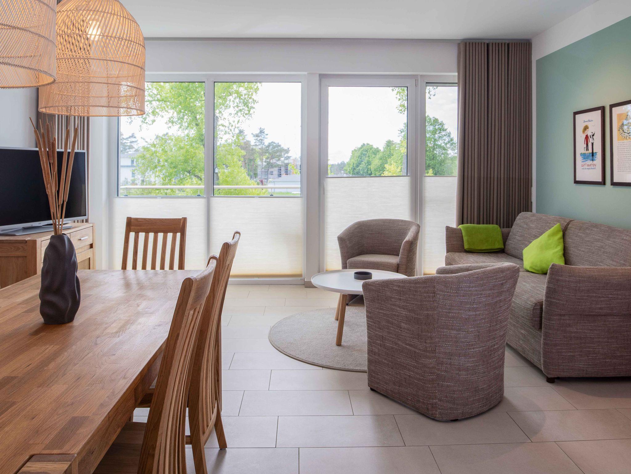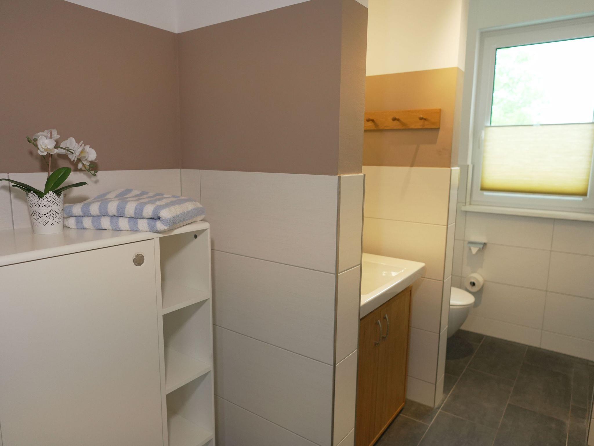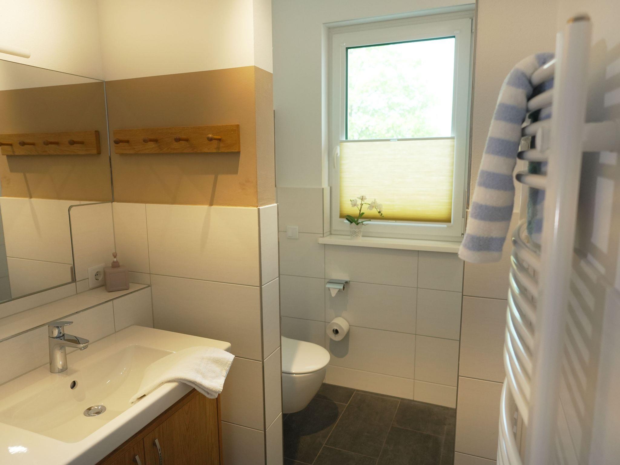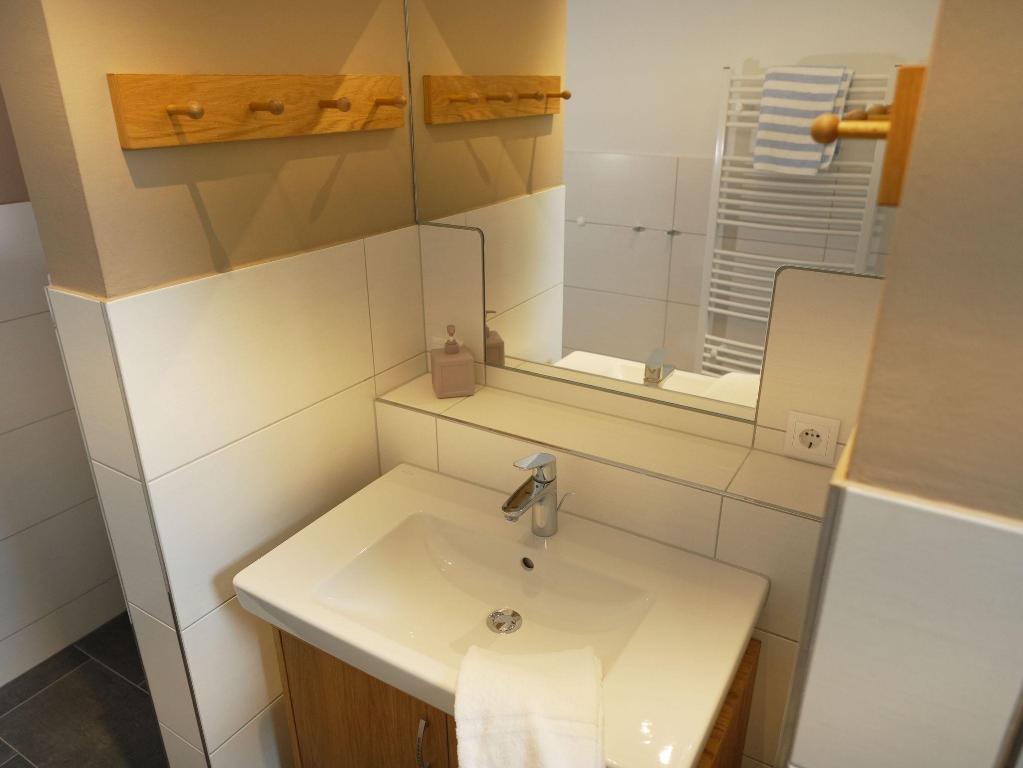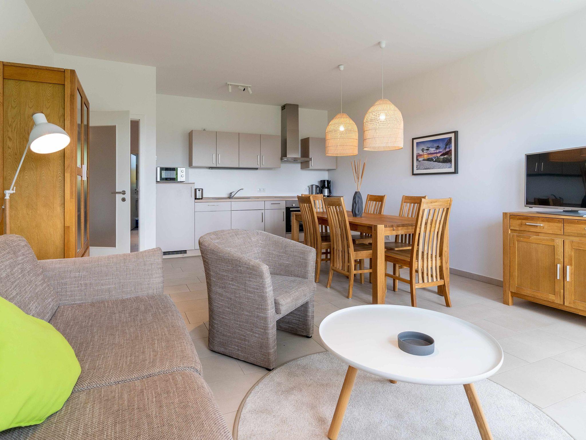 Unsere Ferienwohnung ist großzügig geschnitten und für bis zu 6 Personen geeignet, 1. OG, 90 qm, 2 Schlafzimmer zzgl. Schlafcoach im Wohnzimmer, 2 Balkone, 2 Bäder, Küche
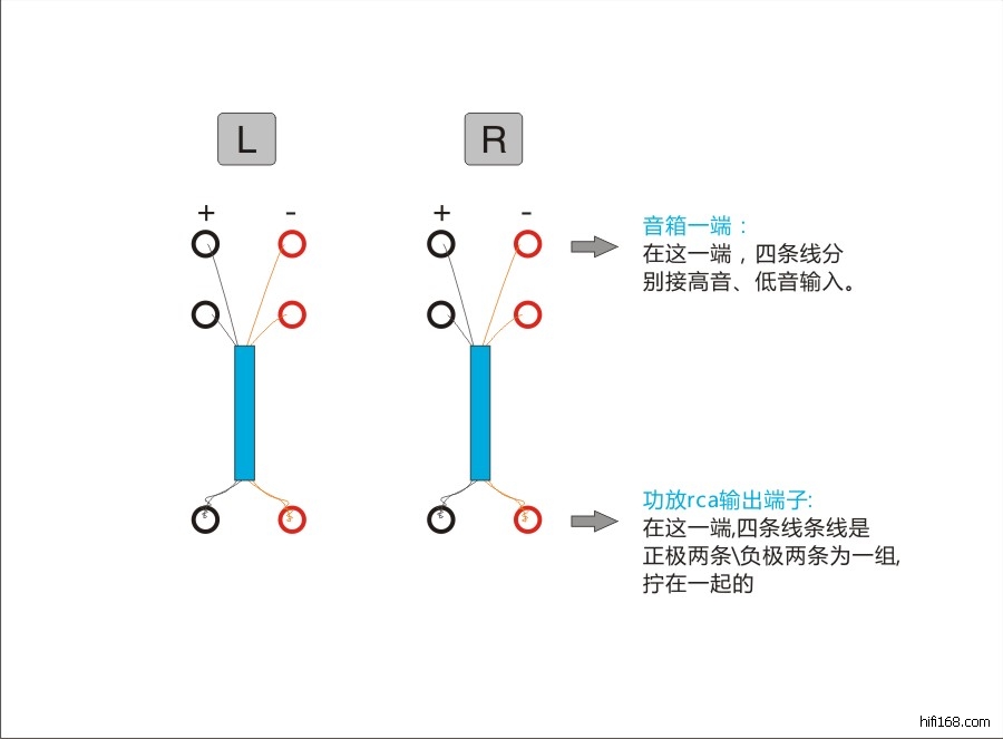 小弟有一对ae evo1和马兰士pm6001功放,本人对hifi技术不了解,本来以为pm6001只有一组输出rca端口、不能双线分音,但看到马兰士说明书上介绍了一种双线分音的方法:就是将两条黑线(evo1高低音正极)的连接功放的一端拧到一起,插到pm6001的正极输出上;再将两条红线(evo1高低音负极)的连接功放的一端到一起,插到pm6001的负极输出上。
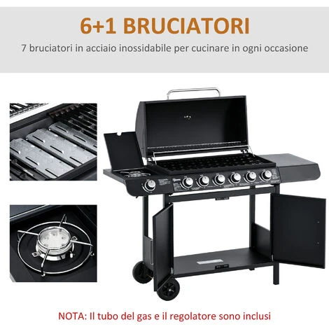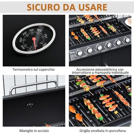 - • Costruzione robusta in metallo e acciaio, con griglia rivestita in ceramica e bruciatori in acciaio
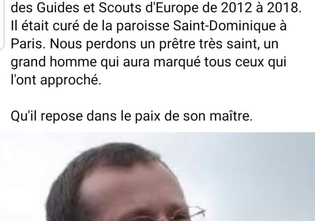 Un lecteur nous informe ce soir du rappel à Dieu de l’abbé Cyril Gordien, prêtre du diocèse de Paris. Agé de 48 ans, l’abbé Gordien est décédé ce soir des suites d’une Lire la suite ...

◇ ◇ ◇ ◇ ◇

→ Task to complete: All of the material above should be written out exactly as given, minus any images.

→ Finished exercise:
 Unsere Ferienwohnung ist großzügig geschnitten und für bis zu 6 Personen geeignet, 1. OG, 90 qm, 2 Schlafzimmer zzgl. Schlafcoach im Wohnzimmer, 2 Balkone, 2 Bäder, Küche
 小弟有一对ae evo1和马兰士pm6001功放,本人对hifi技术不了解,本来以为pm6001只有一组输出rca端口、不能双线分音,但看到马兰士说明书上介绍了一种双线分音的方法:就是将两条黑线(evo1高低音正极)的连接功放的一端拧到一起,插到pm6001的正极输出上;再将两条红线(evo1高低音负极)的连接功放的一端到一起,插到pm6001的负极输出上。
 - • Costruzione robusta in metallo e acciaio, con griglia rivestita in ceramica e bruciatori in acciaio
 Un lecteur nous informe ce soir du rappel à Dieu de l’abbé Cyril Gordien, prêtre du diocèse de Paris. Agé de 48 ans, l’abbé Gordien est décédé ce soir des suites d’une Lire la suite ...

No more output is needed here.